Если мы сравним этот язык с утверждением «Энциклопедии», мы увидим, как на мгновение взгляд Гегеля поглощен славой идеальной нации. В ней моральная жизнь охватывает и совпадает с религией, искусством и наукой: практика и теория едины: жизнь в идее не знает тех различий, которые в неидеальном мире часто делают искусство и мораль антитетичными и ставят религию в противоречие с наукой. Это, как мы сказали, память о греческих и, возможно, еврейских идеалах. Или, скорее, это с помощью таких воспоминаний утверждение существенного единства жизни — истинной, полной, многогранной жизни — которое является предпосылкой и идеей, на которых покоятся культура и мораль и из которых они получают свою высшую санкцию, т.е. свой конститутивный принцип и единство. Даже в «Энциклопедии» Гегель пытается предостеречь от разделения морали, искусства и философии, которое может быть опрометчиво сделано вследствие его последовательного порядка изложения. «Религия», — отмечает он, — «есть сама субстанция моральной жизни и государства... Нравственная жизнь — это божественный дух, пребывающий в сознании, как он актуально присутствует в нации и ее индивидуальных членах». Тем не менее, как мы видим, существует различие. Процесс истории осуществляет суд над нацией за нацией и раскрывает божественное не только как имманентное в нравственной жизни, но и как постоянно расширяющее ограниченный национальный дух, пока он не станет духом всеобщего человечества. Тем не менее — и это, возможно, для каждого времени всегда более важно — национальное единство — не как множество и не как большинство — является высшим реальным явлением Вечного и Абсолютного.

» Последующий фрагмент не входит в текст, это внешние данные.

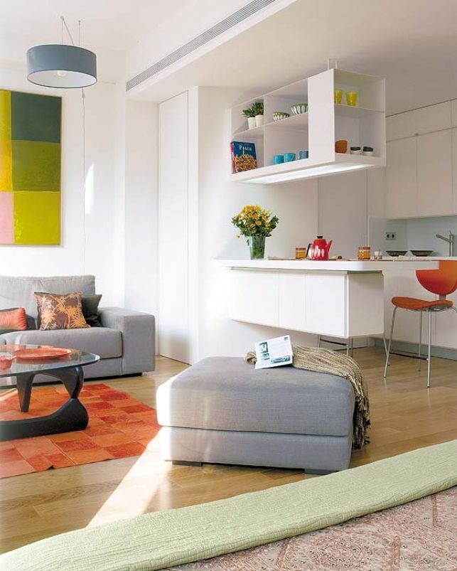 Intr-o garsoniera, cu o astfel de bucatarie, blatul care functioneaza ca bar este o idee practica pentru a oferi loc de luat masa fara a lua prea mult din spatiu.
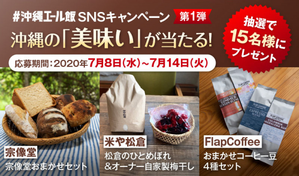 沖縄発のインターネットベンチャーである琉球インタラクティブ株式会社(本社:沖縄県宜野湾市、代表取締役社長:臼井 隆秀、以下「琉球インタラクティブ」)は、沖縄県民による飲食店応援プロジェクト「沖縄エール飯」で、公式SNSアカウントをフォローしてコメントすると投稿者の中から抽選で各回15名様・計45名様に沖縄の有名飲食店からのオリジナル賞品が当たる“沖縄の「美味い」が当たる!SNSキャンペーン”を2020年7月8日(水)から開催します。
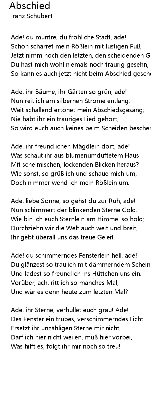 | Ade! du muntre, du fröhliche Stadt, ade! | |
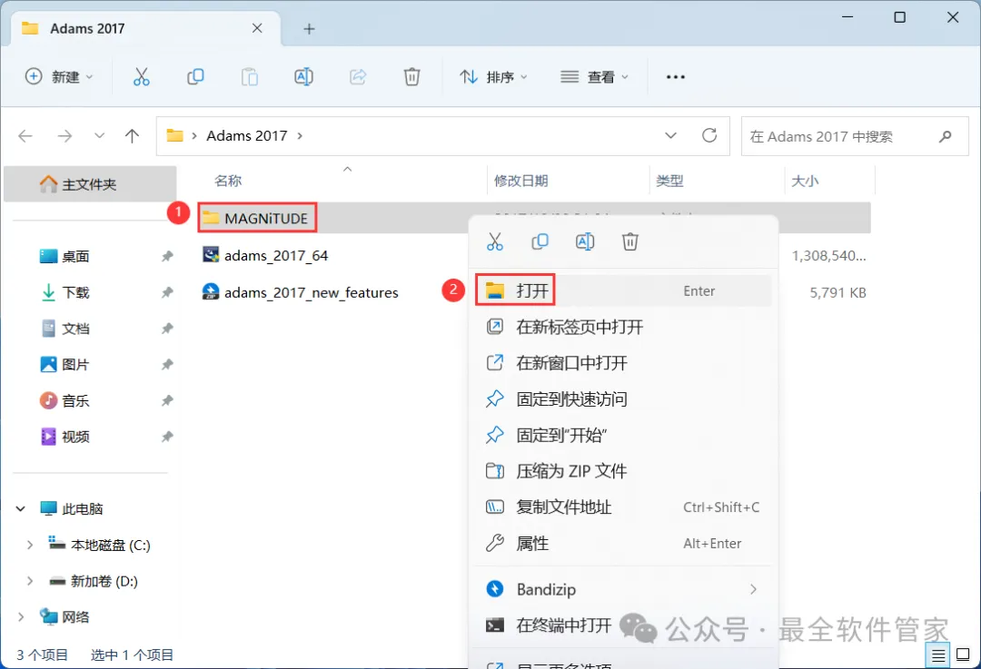 1、下载Adams 2017软件安装包到电脑上,右键选择【解压到Adams 2017\】
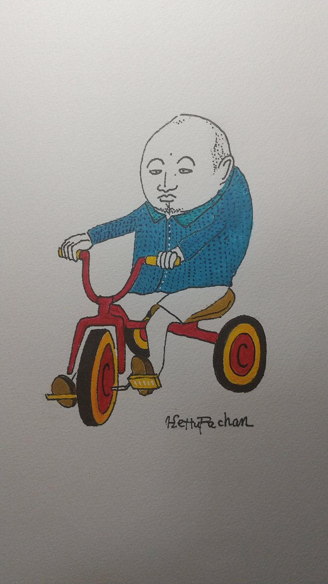 「ちっさいオッサンと女の子。三輪車です😆」 #絵柄が好みって人にフォローされたい #女の子イラスト #ちっさいオッサン #三輪車 #アトリエの系譜3 #みんなで楽しむTwitter展覧会
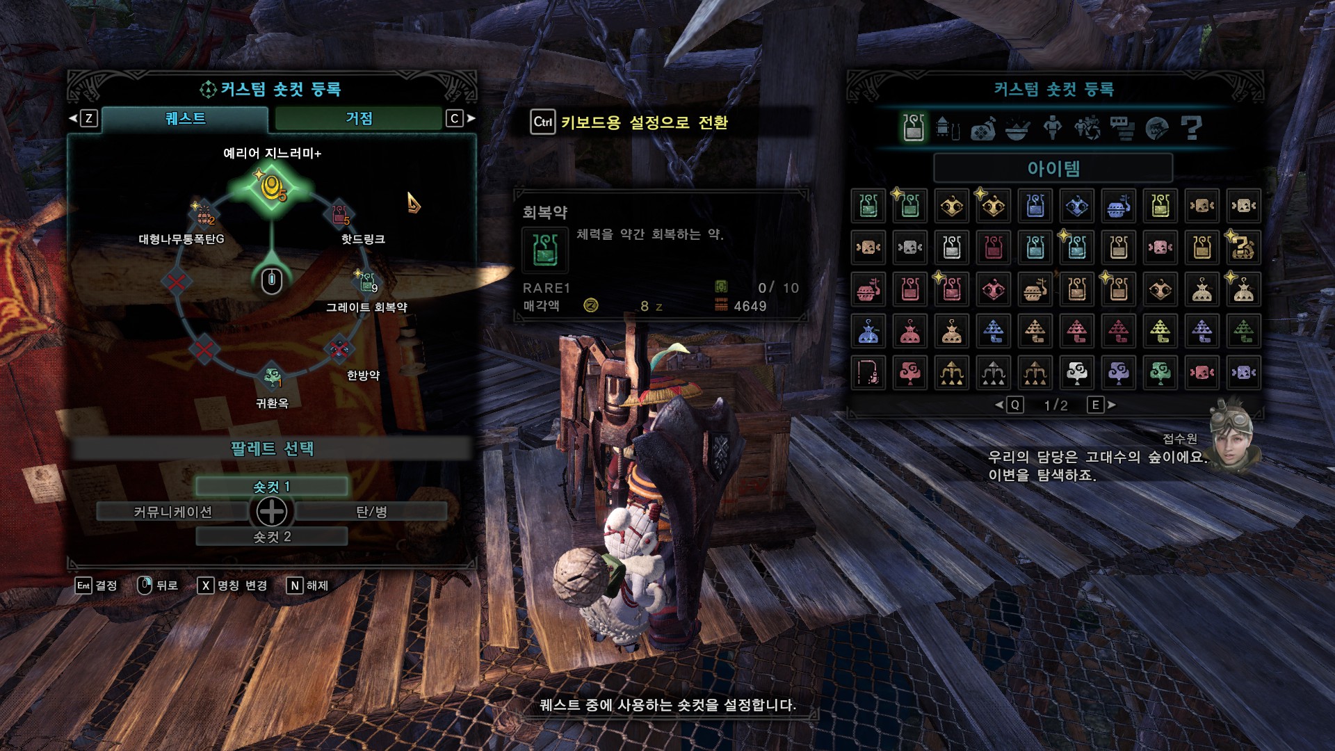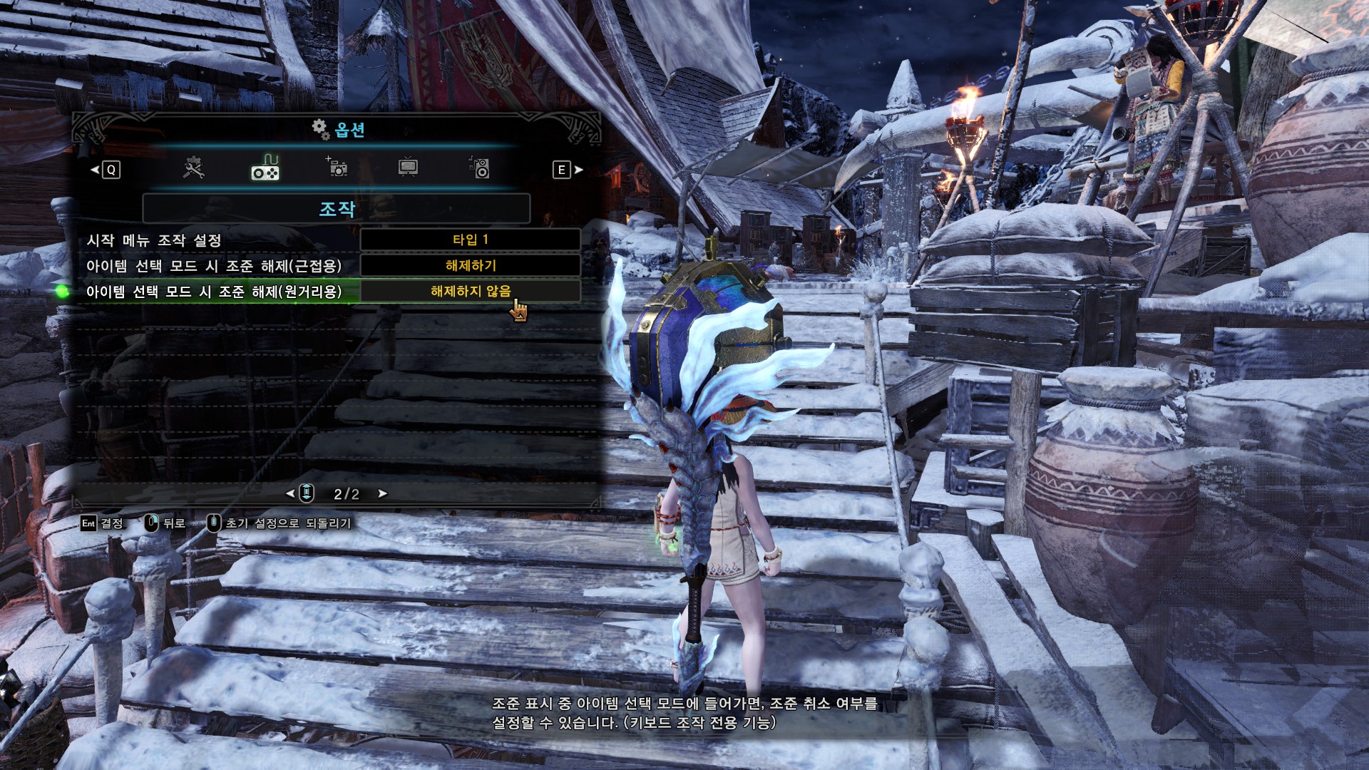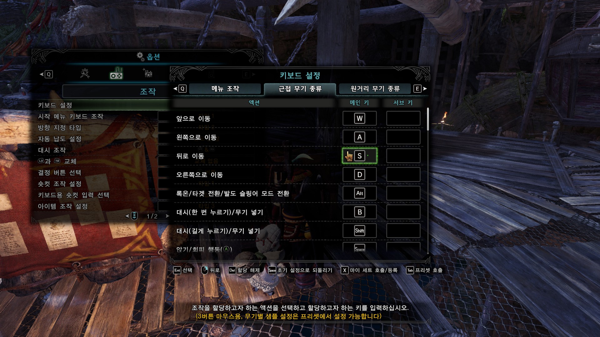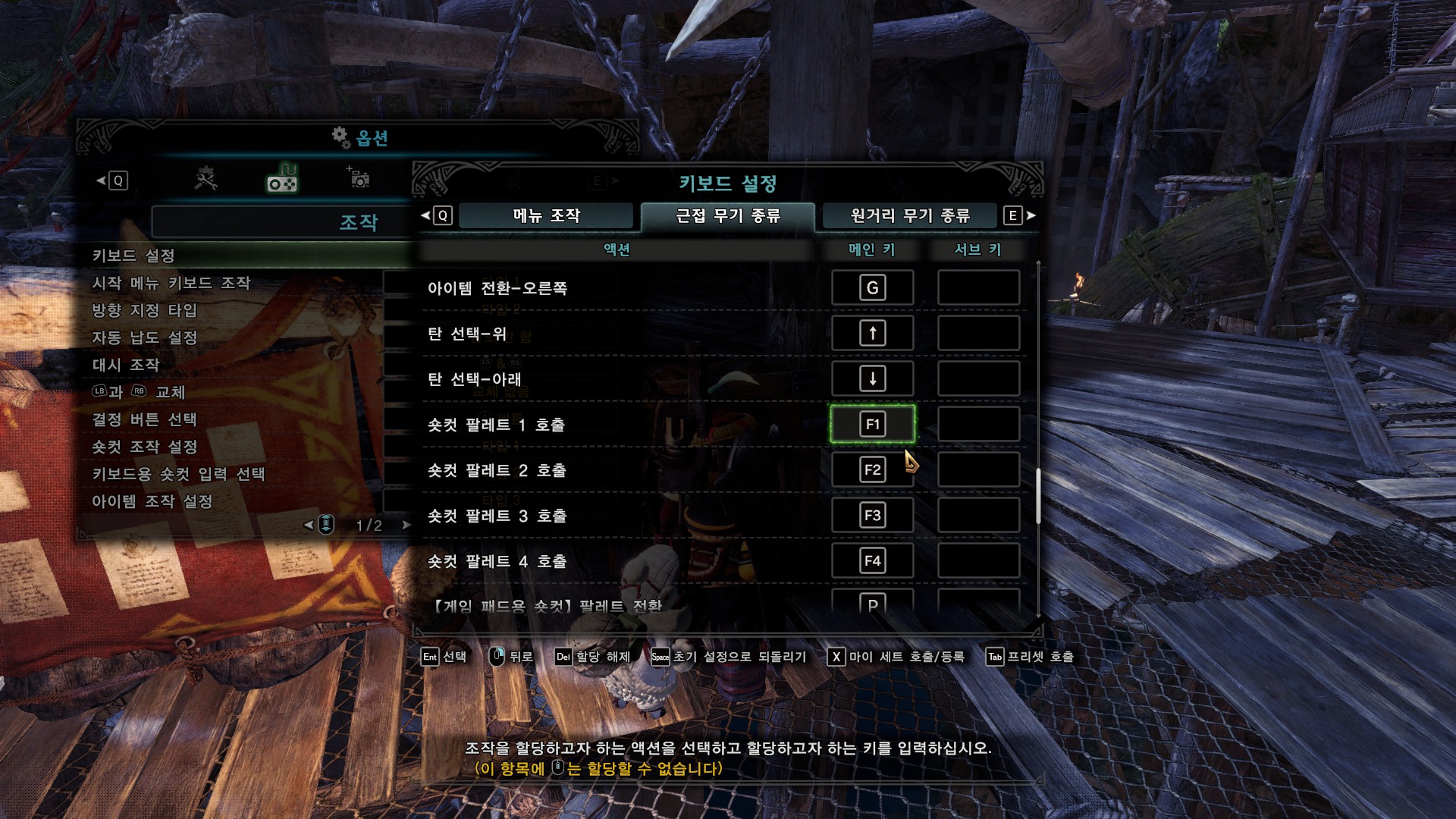 가장 중요한 건 숏컷 조작, 키보드용 숏컷 입력 선택, 아이템 조작 설정입니다.

Описав таким образом нацию как органическую целостность, он продолжает указывать, что политическое устройство демонстрирует этот характер, формируя триаду политических сословий. В одном из них существует лишь молчаливое, практическое тождество, в вере и доверии, с целостностью: во втором существует полное расщепление интереса на партикулярность: и в третьем существует живое и интеллектуальное тождество или безразличие, которое сочетает в себе широчайший диапазон индивидуального развития с полнейшим единством политической лояльности. Этот последний порядок — тот, который живет в сознательном отождествлении частного с общественным долгом: все, что он делает, имеет универсальную и общественную функцию. Такое тело — идеальное Дворянство — дворянство, которое есть servus servorum Dei, высший слуга человечества. Его функция — поддерживать общие интересы, давать другим сословиям (крестьянству и промышленникам) безопасность, получая взамен от этих других средства к существованию. Noblesse oblige наносит смертельный удар частным интересам и налагает обязанность демонстрировать в самой ясной форме высшую реальность абсолютной морали и быть для остальных невозмутимым идеалом эстетической, этической, религиозной и философской полноты.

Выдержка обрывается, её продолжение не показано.